To put it into perspective, 70% of food waste comes from our homes, but 70% of food that’s wasted could actually have been eaten. Environmental issues can seem so huge and overwhelming, but food waste is something we can all start to reduce, right from the comfort of our kitchens.
Lost Connections
It feels like, with our busy, modern lives, we’ve lost that connection with where our food comes from, with how it’s grown, and the time, effort and resources that go into it. Many of us are so used to just popping to the supermarket and grabbing what we want. I think that the food shortages and demand on food banks during the pandemic has made us think a bit more about this, but there’s still not enough being done. Over a year, the UK’s edible food waste would make the equivalent of over 15 billion meals – enough to feed the entire population three meals a day for 11 weeks.

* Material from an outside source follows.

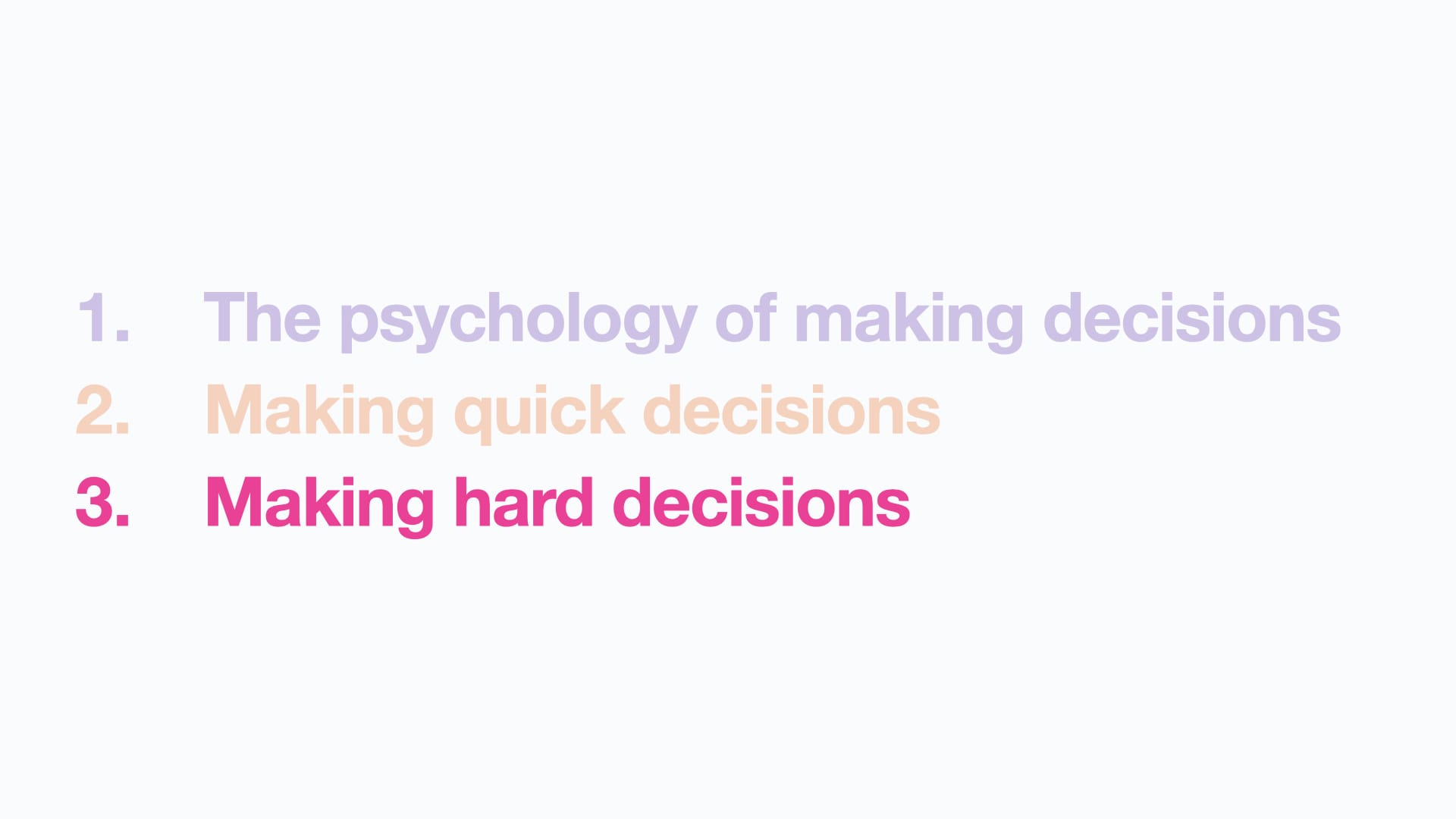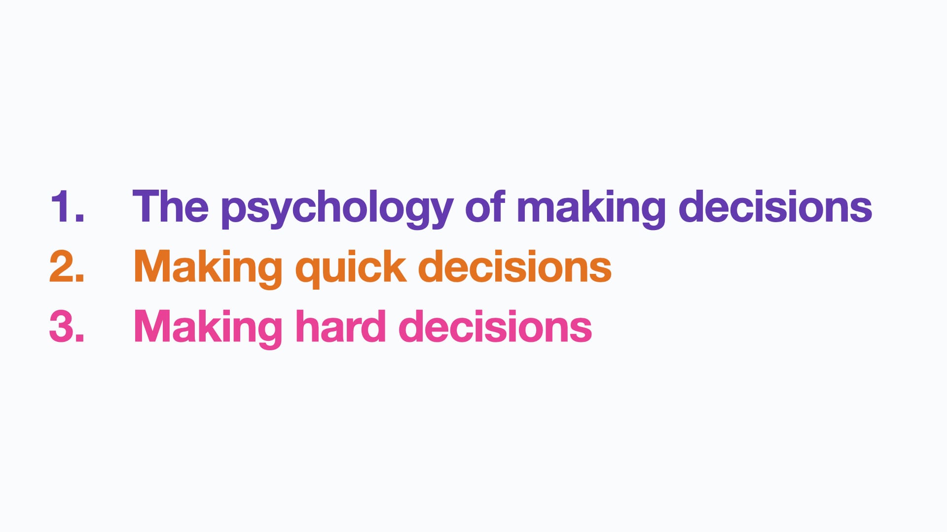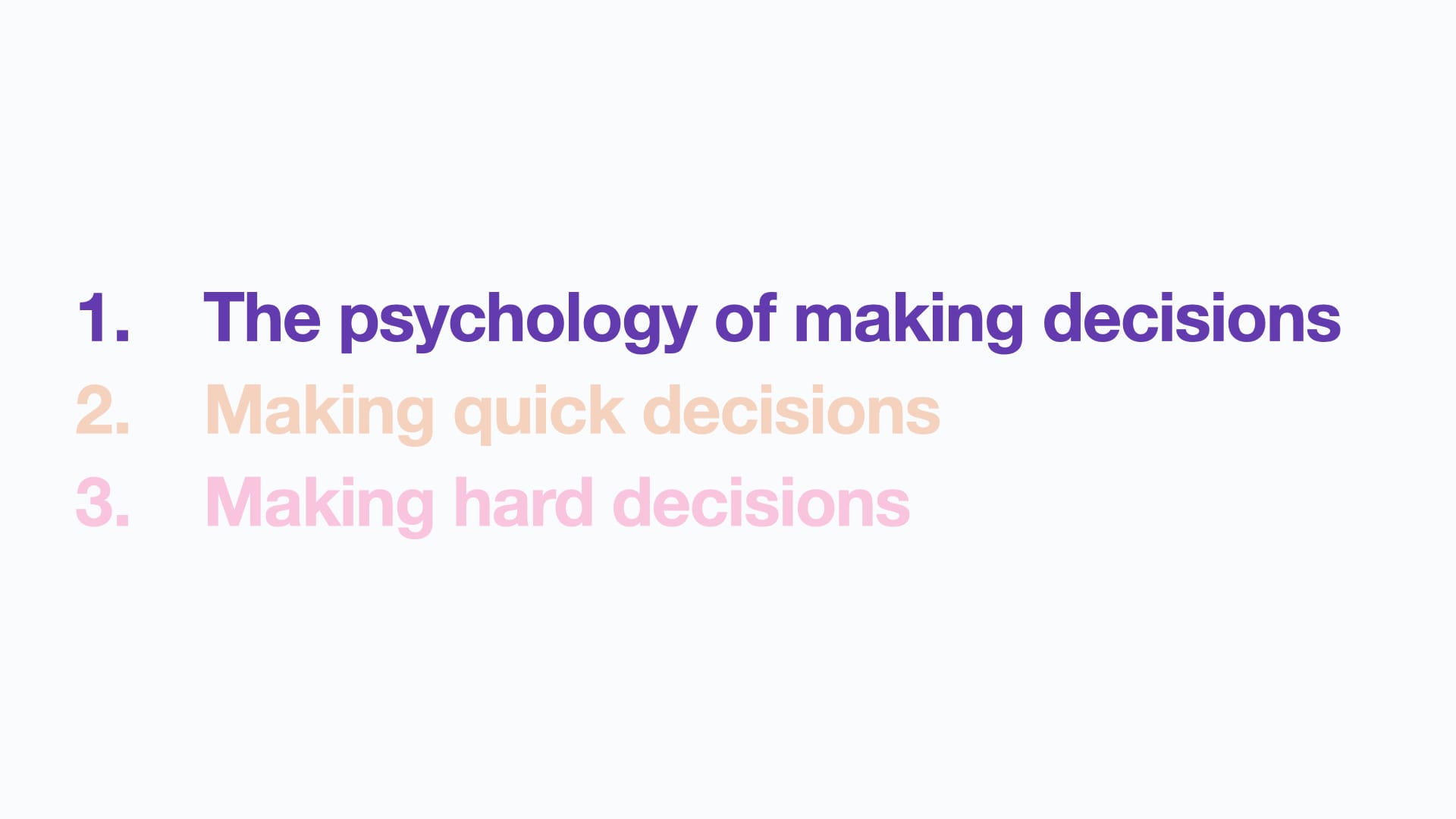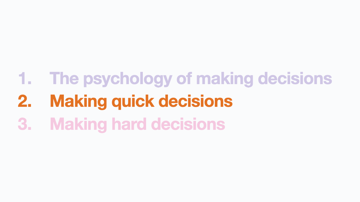 And then look at some practical tips, first: to see how to figure out if we can be decisive and make a choice quickly.

Meanwhile, three billion people around the world are unable to afford a healthy diet.
What We Can Do
I think that raising awareness of the impact of food waste is key, as well as showing people how they can start making changes. My book and the idea of compleating are a positive way to make a difference. I love to cook and I hope that, because cooking can
be fun, that it gives people an inspiring way to reduce their food waste, rather than it feeling like a burden or chore. I also think that the government needs to take more responsibility and tell the truth about the role our food and agriculture plays in emissions.
Other Sustainability Experts
There are so many brilliant people and companies trying to make a difference to food waste. I love following Laura Gaga, aka Reduction Raider, who creates meals from reduced yellow sticker or unwanted food. I’m also a big fan of the apps Too Good To Go and OLIO, which are a great way to rescue unwanted food from local people, restaurants and businesses, as well as Oddbox, which rescues wonky or surplus food from farmers.
My book, The Complete Book of Vegan Compleating: An A-Z of Zero-Waste Eating For the Mindful Vegan, is out now and available from all the usual places. If you would like a copy, please consider buying via Bookshop. org, which helps support independent booksellers. I’m speaking at lots of different virtual and in-person events. I hope to work with Vegfest soon and to continue to partner with my local Kent Vegan Events.